How Long Should You Train Your Language Model?


Share this post
Header image for model training blog post

How long should you train your language model? How large should your model be? In today's generative AI landscape, these are multi-million dollar questions.

Over the last few years, researchers have developed scaling laws, or empirical formulas for estimating the most efficient way to scale up the pretraining of language models. However, popular scaling laws only factor in training costs, and ignore the often incredibly expensive costs of deploying these models. Our recent paper, presented at ICML 2024, proposes a modified scaling law to account for the cost of both training and inference. This blog post explains the reasoning behind our new scaling law, and then experimentally demonstrates how “overtrained” LLMs can be optimal.

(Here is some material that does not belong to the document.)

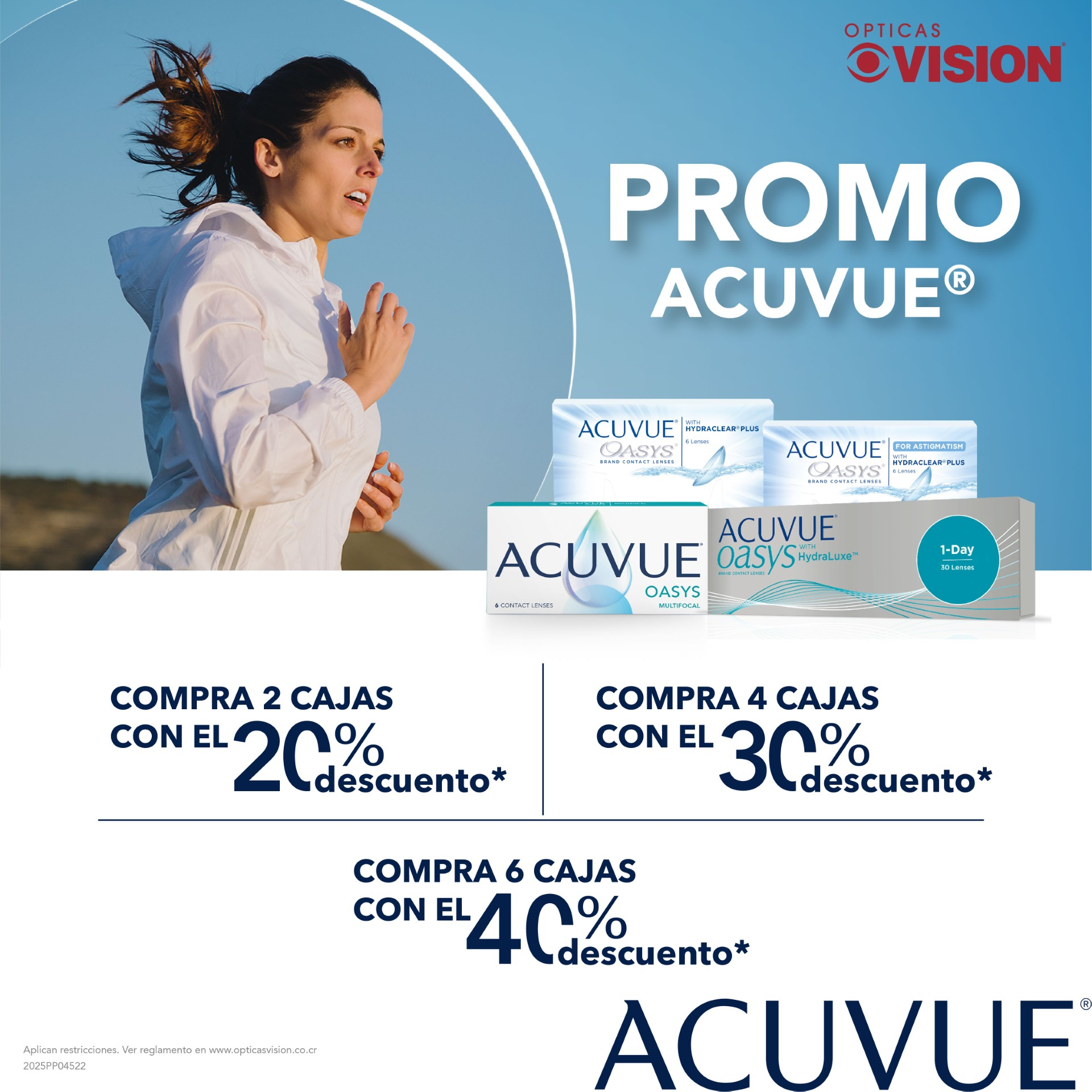 Obtenga un 15% de descuento por la compra mínima de 2 cajas de Lentes de Contacto u obtenga un 30% de descuento por la compra de mínima de 4 cajas de Lentes de Contacto en las marcas participantes en la promoción ACUVUE® OASYS con HYDRACLEAR® Plus, ACUVUE® OASYS para ASTIGMATISMO, ACUVUE® OASYS MULTIFOCAL, ACUVUE® OASYS 1-DAY con HYDRALUXETM. Oferta válida desde el 01 de noviembre hasta el 31 de diciembre de 2025 o hasta agotar existencias. Oferta disponible en tiendas tanto física como en la tienda virtual en Costa Rica. Se requiere un examen visual o receta vigente para el despacho de lentes de contacto. (Se excluye de la promoción Acuvue 2) No hay límite de compra de promociones por persona. No aplica con ningún otro descuento o convenio. No aplica con líquidos y/o accesorios. Ver reglamento en www.opticasvision.co.cr
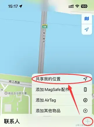 Step 3:苹果手机怎么共享对方手机位置?如果你想要和别人共享位置,可以点击**【+】按钮。再点击【共享我的位置】**,然后选择想要共享位置的联系人进行分享。

The “Chinchilla” Scaling Law is the most widely cited scaling law for LLMs. The Chinchilla paper asked the question: If you have a fixed training compute budget, how should you balance model size and training duration to produce the highest quality model? Training costs are determined by model size (parameter count) multiplied by data size (number of tokens). Larger models are more capable than smaller ones, but training on more data also improves model quality. With a fixed compute budget, there is a tradeoff between increasing model size vs. increasing training duration. The Chinchilla authors trained hundreds of models and reported an optimal token-to-parameter ratio (TPR) of roughly 20. This “Chinchilla optimal” value of ~20 tokens/parameter quickly became the industry standard (for example, later models such as Cerebras-GPT and Llama-1 65B were trained using Chinchilla scaling). 

Once the model has completed training, it needs to be deployed. Since LLM serving costs are a function of the model size (in addition to user demand), larger models are much more expensive to deploy. Model size is therefore an important cost factor for both training and inference time. 

In our research, we were motivated by the idea of training smaller models on more data than the Chinchilla law suggested. By spending extra money on training to produce a smaller but equivalently powerful model, we predicted that we could make up for these extra training costs at inference time (Fig. 1). How much smaller? That depends on just how much inference demand we anticipate. 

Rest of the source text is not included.